TASK STATEMENT: Return the material below exactly, but only from the line with "최근 잡코리아에서 근무" through the line with "Historical Map, 1898", and without its pictures.

SUPPLIED RECORDS:
▼▼▼

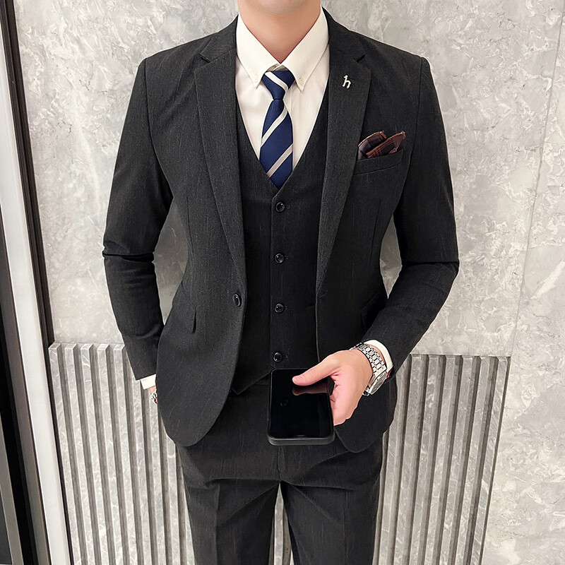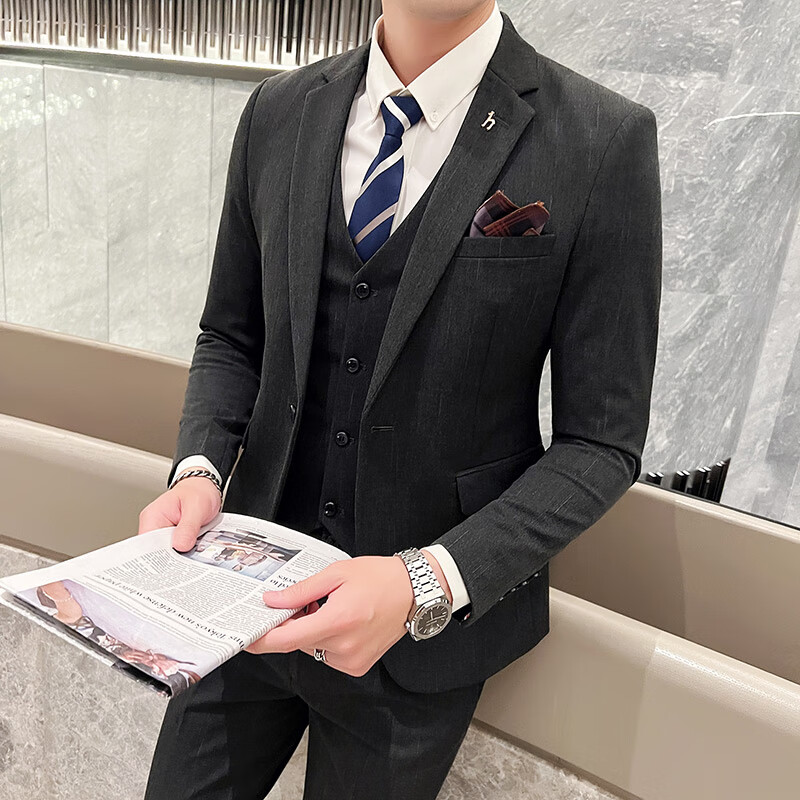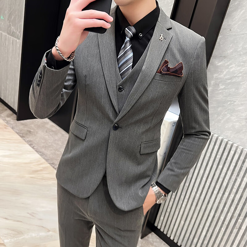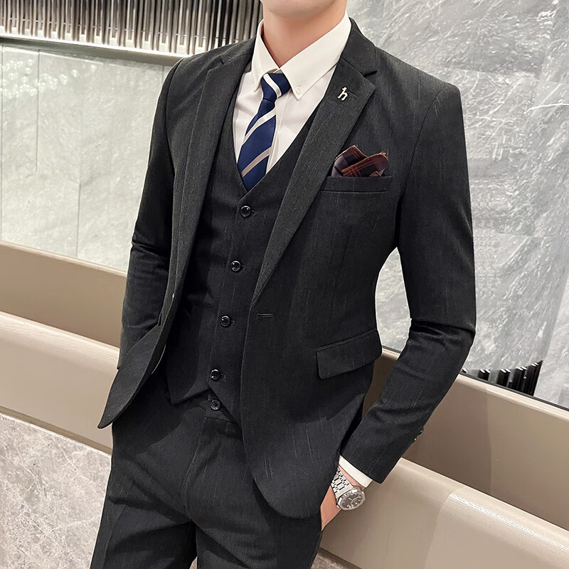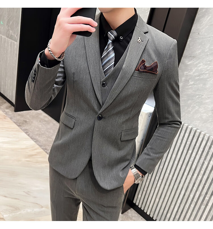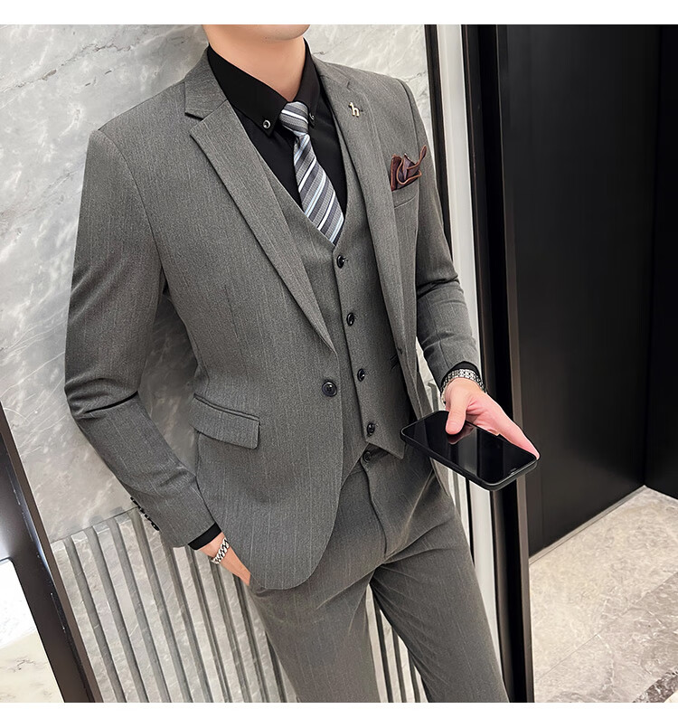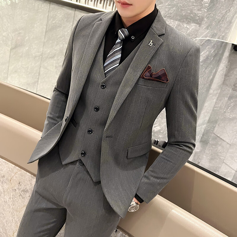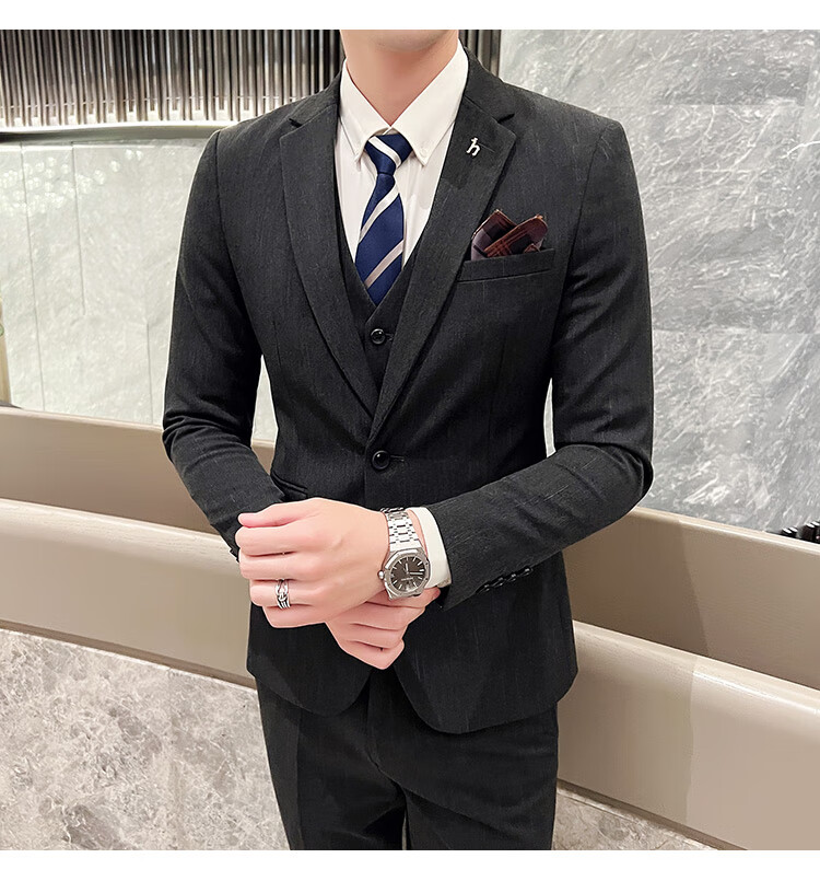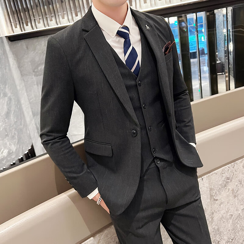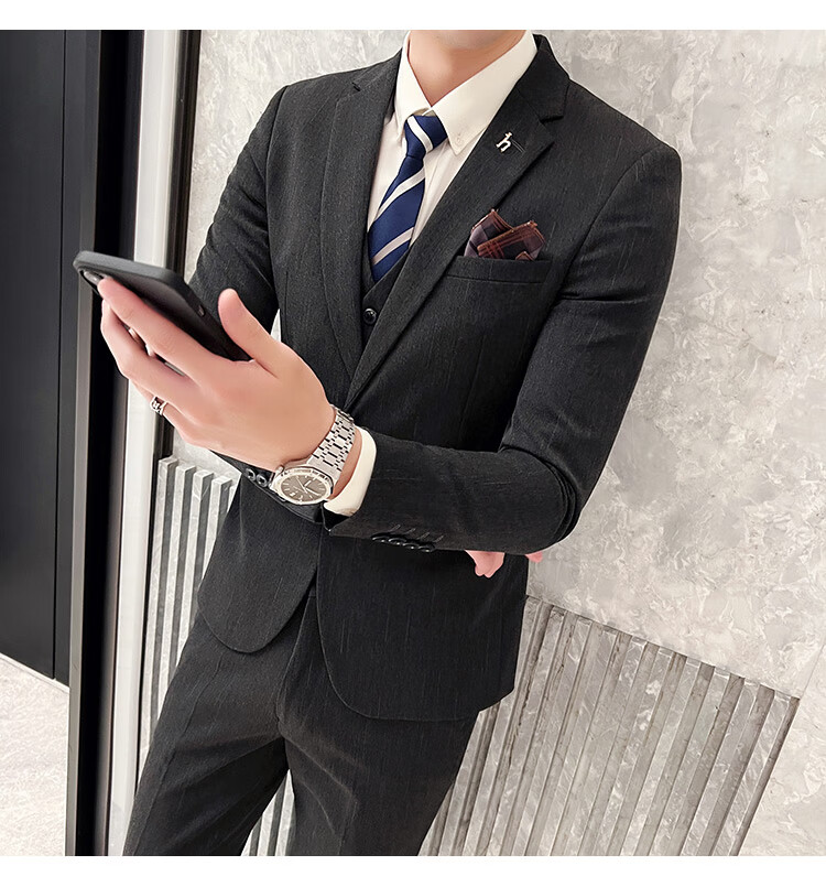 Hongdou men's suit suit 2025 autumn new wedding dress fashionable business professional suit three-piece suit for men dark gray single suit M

▲▲▲
▼▼▼

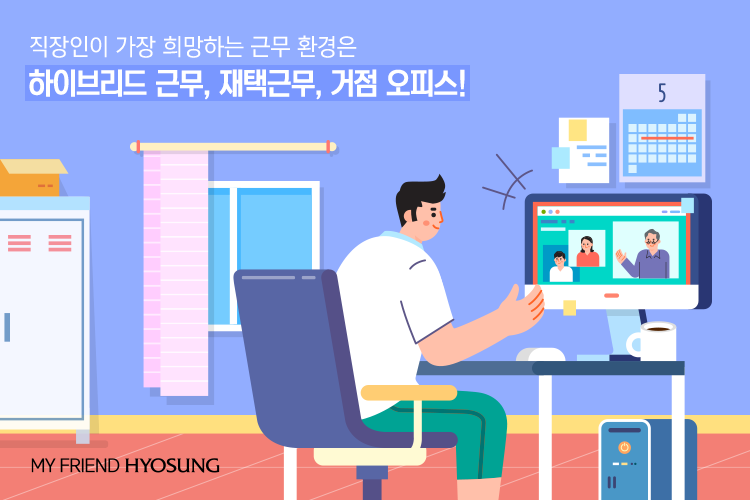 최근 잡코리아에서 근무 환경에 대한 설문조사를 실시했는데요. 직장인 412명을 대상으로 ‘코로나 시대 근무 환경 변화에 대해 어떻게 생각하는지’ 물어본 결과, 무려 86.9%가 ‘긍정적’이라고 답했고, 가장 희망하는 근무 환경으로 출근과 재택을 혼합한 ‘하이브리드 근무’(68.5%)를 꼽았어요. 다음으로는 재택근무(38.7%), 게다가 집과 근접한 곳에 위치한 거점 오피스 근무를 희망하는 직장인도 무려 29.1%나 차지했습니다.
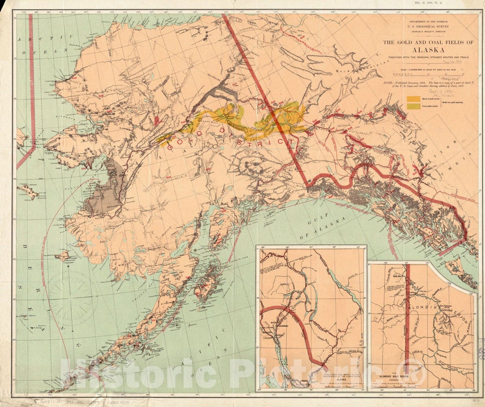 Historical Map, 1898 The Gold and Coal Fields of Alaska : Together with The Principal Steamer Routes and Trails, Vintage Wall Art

▲▲▲

ANSWER BOX:
 최근 잡코리아에서 근무 환경에 대한 설문조사를 실시했는데요. 직장인 412명을 대상으로 ‘코로나 시대 근무 환경 변화에 대해 어떻게 생각하는지’ 물어본 결과, 무려 86.9%가 ‘긍정적’이라고 답했고, 가장 희망하는 근무 환경으로 출근과 재택을 혼합한 ‘하이브리드 근무’(68.5%)를 꼽았어요. 다음으로는 재택근무(38.7%), 게다가 집과 근접한 곳에 위치한 거점 오피스 근무를 희망하는 직장인도 무려 29.1%나 차지했습니다.
 Historical Map, 1898 The Gold and Coal Fields of Alaska : Together with The Principal Steamer Routes and Trails, Vintage Wall Art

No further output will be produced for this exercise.